Lazy evaluation: overloading the assignment operator?

Discussion in 'Python' started by sturlamolden, May 2, 2007.

  1. sturlamolden

    sturlamolden Guest

    Python allows the binding behaviour to be defined for descriptors,
    using the __set__ and __get__ methods. I think it would be a major
    advantage if this could be generalized to any object, by allowing the
    assignment operator (=) to be overloaded.

    One particular use for this would be to implement "lazy evaluation".
    For example it would allow us to get rid of all the temporary arrays
    produced by NumPy.

    For example, consider the expression:

    y = a * b + c * d

    If this expression is evaluated bya Fortran 90/95 compiler, it will
    automatically generate code like

    do i = 1,n
    y(i) = a(i) * b(i) + c(i) * d(i)
    enddo

    On the other hand, conventional use of overloaded binary operators
    would result in something like this:

    allocate(tmp1,n)
    do i = 1,n
    tmp1(i) = a(i) * b(i)
    enddo
    allocate(tmp2,n)
    do i = 1,n
    tmp2(i) = c(i) * d(i)
    enddo
    allocate(tmp3,n)
    do i = 1,n
    tmp3(i) = tmp1(i) + tmp2(i)
    enddo
    deallocate(tmp1)
    deallocate(tmp2)
    do i = 1,n
    y(i) = tmp3(i)
    enddo
    deallocate(tmp3)

    Traversing memory is one of the most expensive thing a CPU can do.
    This approach is therefore extremely inefficient compared with what a
    Fortran compiler can do.

    However, if we could overload the assignment operator, there would be
    an efficient solution to this problem. Instead of constructing
    temporary temporary arrays, one could replace those with objects
    containing lazy expressions "to be evaluated sometime in the future".
    A statement like

    y = a * b + c * d

    would then result in something like this:

    tmp1 = LazyExpr('__mul__',a,b) # symbolic representation of "a * b"
    tmp2 = LazyExpr('__mul__',c,d) # symbolic representation of "c * d"
    tmp3 = LazyExpr('__add__',tmp1,tmp1) # symbolic "a * b + c * d"
    del tmp1
    del tmp2
    y = tmp3 # tmp3 gets evaluated as assignment is overloaded


    Should there be a PEP to overload the assignment operator? In terms of
    syntax, it would not be any worse than the current descriptor objects
    - but it would make lazy evaluation idioms a lot easier to implement.



    Sturla Molden
     
    sturlamolden, May 2, 2007
    #1
    1. Advertising

  2. sturlamolden

    Stargaming Guest

    sturlamolden wrote:
    > Python allows the binding behaviour to be defined for descriptors,
    > using the __set__ and __get__ methods.

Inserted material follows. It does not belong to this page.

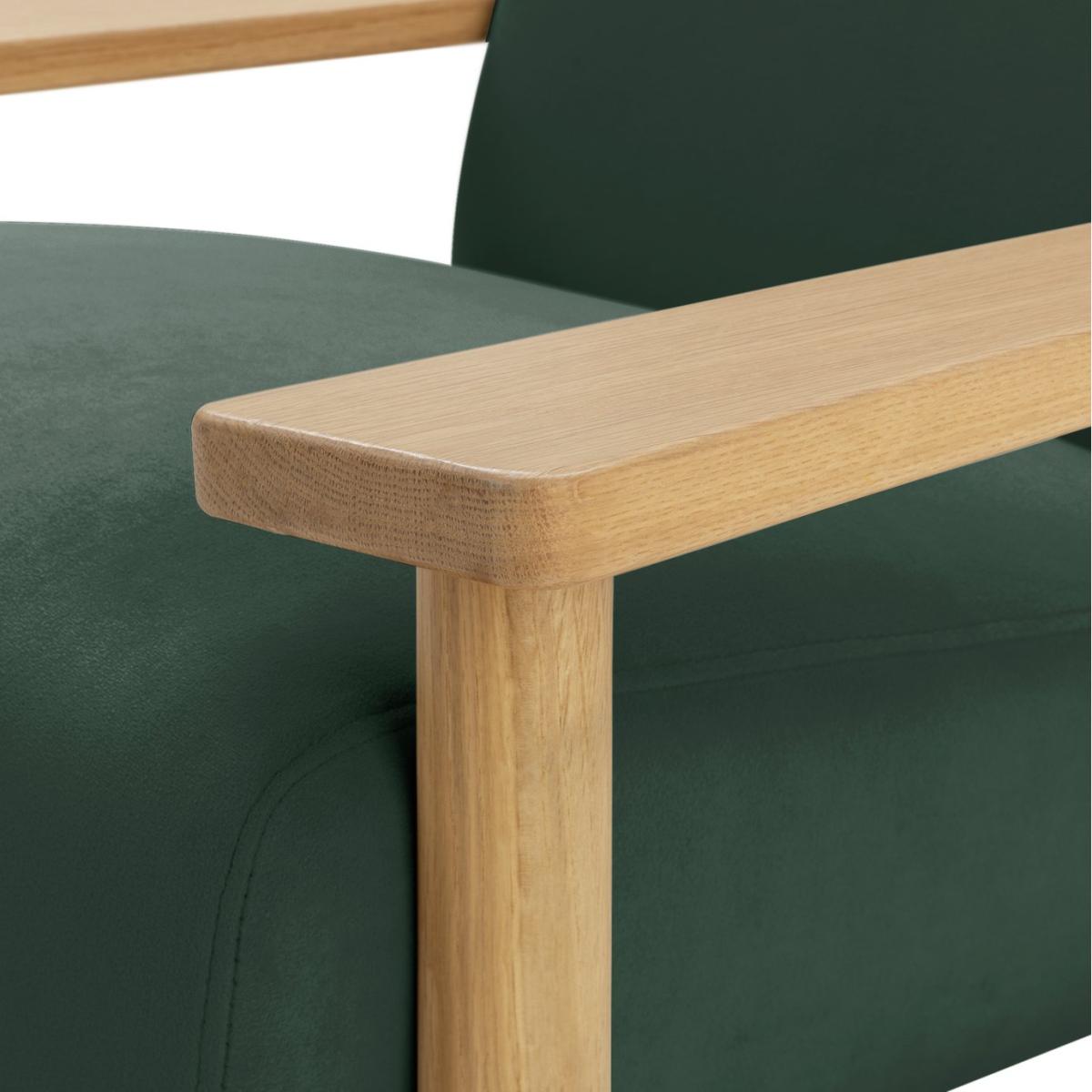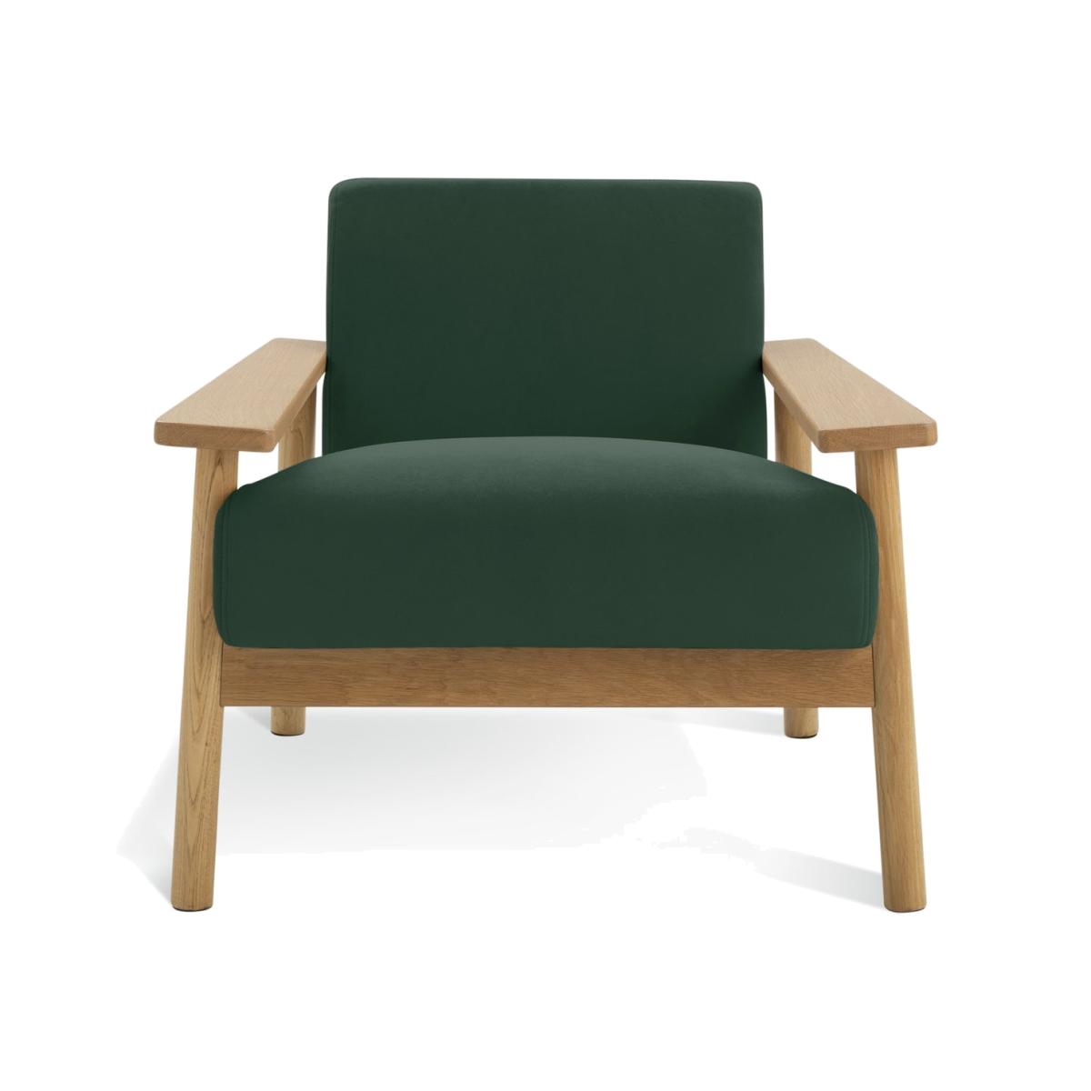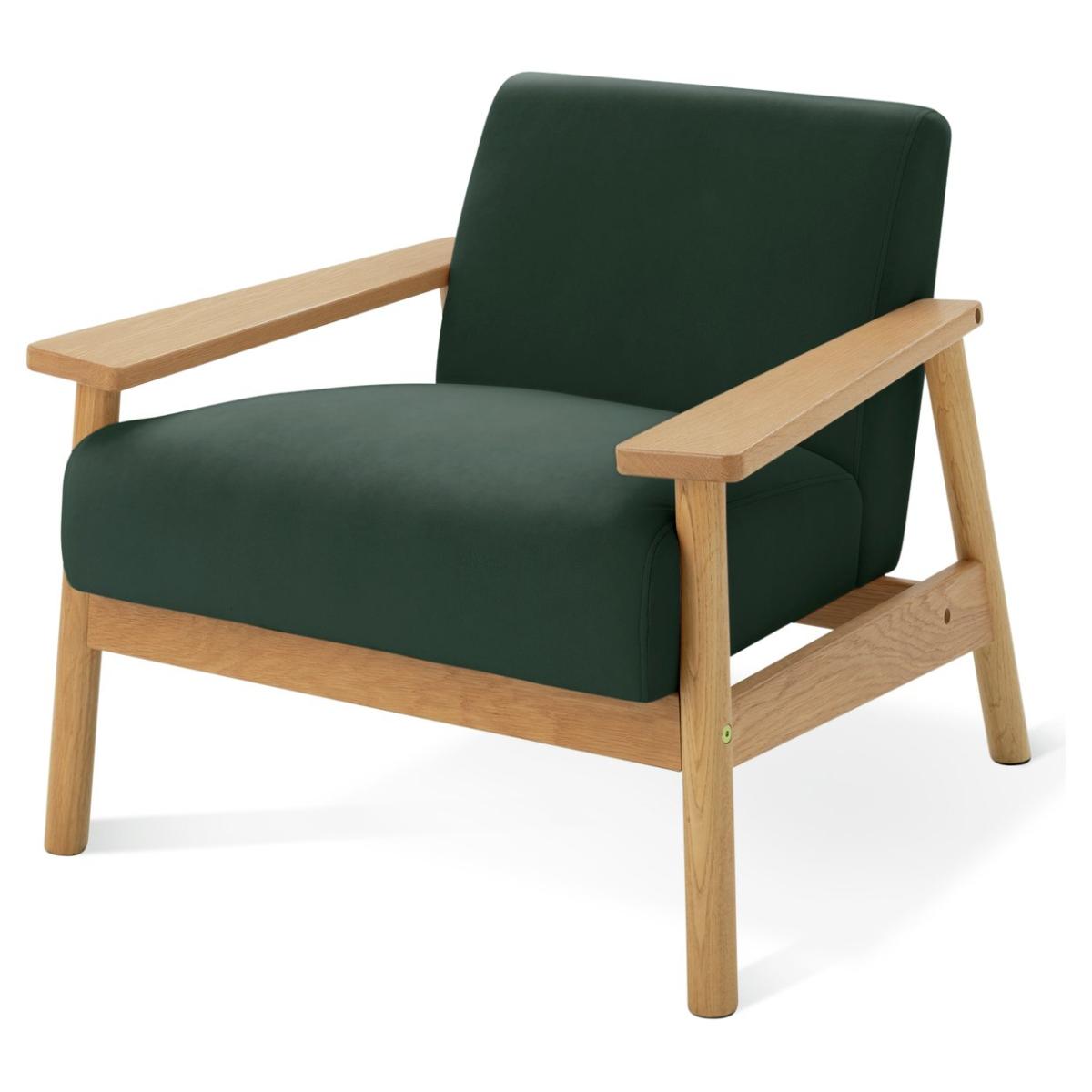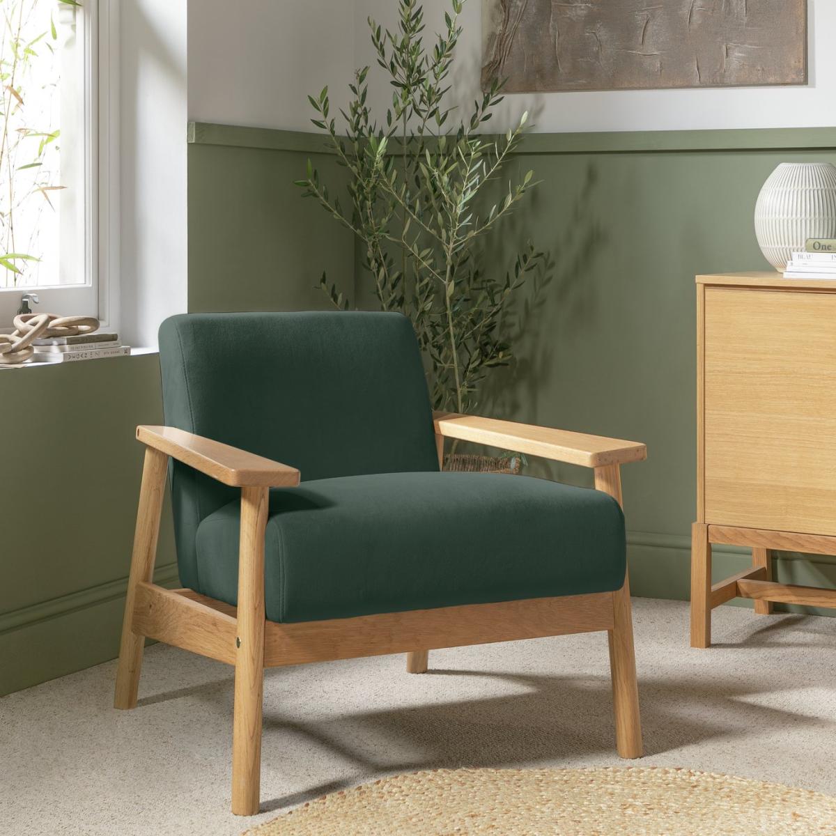 Lazy Sunday afternoons. The inspiration behind the design of our Dore accent chair. Crafted for casual comfort in smooth, solid light oak. Featuring a deep, matt velvet seat cushion and soft supportive back. Lovely for lounging. The thick and wide ergonomic armrests are a perfect glass or mug perch. It's a natural choice for relaxing. Switch off, settle down and perhaps add a page turner. Your chair, your downtime. Part of the Dore collection. Material: Made from 100% polyester. Wooden feet. Fixed seat with foam filling. Fixed cushion(s) with foam filling. Dimensions: Size H69, W80, D79cm. Floor to seat height: 45cm. Depth of seat: 54cm. Width of seating area between arms: 52cm. Height of arm rest: 50cm. Weight 20kg. Dust or wipe with a damp cloth only. Self-assembly. Maximum individual user weight 110kg. Packaged dimensions: Package size H80, W43, D57cm. FSC certified meaning the materials used for this product are responsibly sourced. General information: Manufacturer's 2 year frame guarantee.

    AFAIK, __getattribute__ calls them *explicitly*.

    > I think it would be a major
    > advantage if this could be generalized to any object, by allowing the
    > assignment operator (=) to be overloaded.


    >
    > One particular use for this would be to implement "lazy evaluation".
    > For example it would allow us to get rid of all the temporary arrays
    > produced by NumPy.
    >
    > For example, consider the expression:
    >

    [snip]
    >
    > y = a * b + c * d
    >
    > would then result in something like this:
    >
    > tmp1 = LazyExpr('__mul__',a,b) # symbolic representation of "a * b"
    > tmp2 = LazyExpr('__mul__',c,d) # symbolic representation of "c * d"
    > tmp3 = LazyExpr('__add__',tmp1,tmp1) # symbolic "a * b + c * d"
    > del tmp1
    > del tmp2
    > y = tmp3 # tmp3 gets evaluated as assignment is overloaded
    >

    To allow lazy evaluation, you need overloading of the assignment
    operator? Where should you overload it? y is less than None when you do
    that assignment. I don't really see the need for overloading here.
    Following the binding rules, __mul__ would (even without any hackery) be
    evaluated before __add__.

    >
    > Should there be a PEP to overload the assignment operator?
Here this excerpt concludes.